Listen to the opening salvo, just that first three seconds of guitar. No point in even trying to describe the sound (rubbery-chimy-dissonant-melodic?; like I said, no point), and the delicious sense of anticipation generated as it leads smack into the concise lines and elegant modulation of the rest of the intro. And then Peter Holsapple opens his mouth and there it is, the dB’s are back. Who’d have thought? Alternative before there was alternative, indie before there was indie, the North Carolina-born, NYC-generated dB’s pioneered what became known by the genre police as “jangle-pop”: a post-punk (late ’70s, early ’80s) reformulation of ’60s folk rock with chiming guitars and stellar melodies. These are indeed the dB’s in their original formation–Holsapple, Chris Stamey, Will Rigby, and Gene Holder: the same guys who recorded the first two (some might say classic) dB’s albums, Stands for Decibels and Repercussion. While this song might not on its own give you a sense of how resplendent this band could be back in the day if you don’t already know who they are, neither (I don’t think) will it disappoint you if you do already know who they are and what they were. The guitar riff from the opening three seconds spreads out as a recurring melodic anchor; Holsapple’s sweet-weary vocal style is as charming as ever; and the song displays characteristic dB’s smarts through its effective alternation of major and minor chords and 6/4 and 4/4 measures. “World to Cry” is one of an album’s worth of songs the band recorded in Hoboken in January; while they await a record deal, the song is available as an MP3 on the band’s site.


“Oh Mandy” – the Spinto Band

Radiohead meets the Electric Light Orchestra at Adrian Belew’s house. From the neat staccato dissonance of the opening measures through its gorgeous chords and sprightly vibe, this is one brilliant piece of 21st-century pop, the simplicity and directness of its surface producing a song shot through with depth and strength. Notice for instance how the verse and the chorus are pretty much identical, musically, then notice how this similarity is used to ravishing effect when the song breaks off for an extended bridge at 2:00: the musical tension builds and deepens as the bridge shifts at 2:21—it seems as if we’re heading back to the verse but instead the song veers a couple of times into a new, neatly unresolved chord before triumphantly returning to the verse at 2:36 with more urgent instrumentation and a wonderful new vocal harmony. This young seven-piece (!) band from Delaware—which has been recording since the band members were in middle school—has a sparkling future if this is any indication. “Oh Mandy” is from the band’s debut full-length, Nice and Nicely Done, released last month on Bar-None Records.

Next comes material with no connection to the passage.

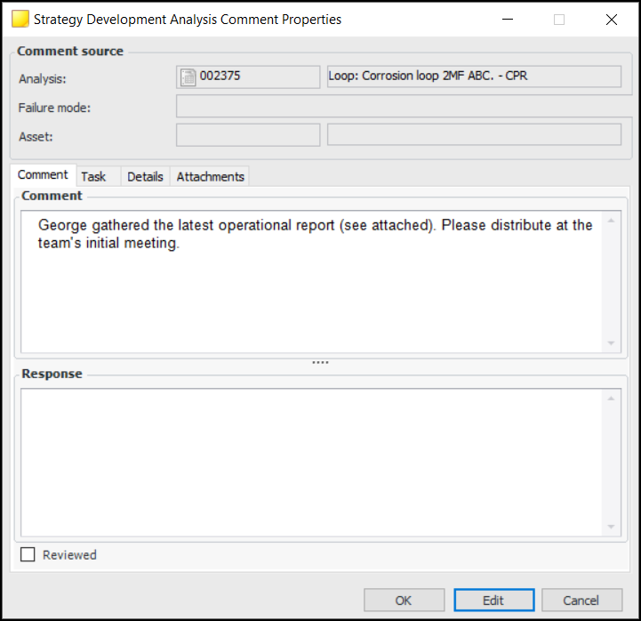 2. Click Edit to modify the comment, add a response, or mark the comment as reviewed. You can also add attachments and view details about the comment’s history.

The MP3 is available via Spintonic.net. Many thanks to Bruce at Some Velvet Blog for the lead.


“Curious” – Holopaw

This is indeed a curious song, from a curious, difficult-to-describe band. One of the oddest things about “Curious” (besides perhaps singer/songwriter/guitarist John Orth’s unearthly tenor) is how short it is—its delicate, stringed setting and offbeat melody (bringing early Genesis to mind, of all things) speaks of a song that wants to spread out, offer instrumental breaks, bridges, and other ornamental accoutrements. And yet somehow we go from beginning to end in about two and a half minutes. No matter: set your MP3 players on “repeat” and let it cycle through a few times in a row, which seems to be the best way to grasp the underlying solidity of this sprinkly, evanescent, haunting song. My ear was hooked for good by the melody line that begins for the first time at 0:36, and in particular the chord change at 0:39, but that might have been on my third or fourth listen. Holopaw is a band from Gainesville, Florida, named after another Florida town that no one in the band is actually from. “Curious” is a song off Quit +/or Fight, the band’s second CD, slated for release next week on Sub Pop Records. The MP3 is available via the Sub Pop site.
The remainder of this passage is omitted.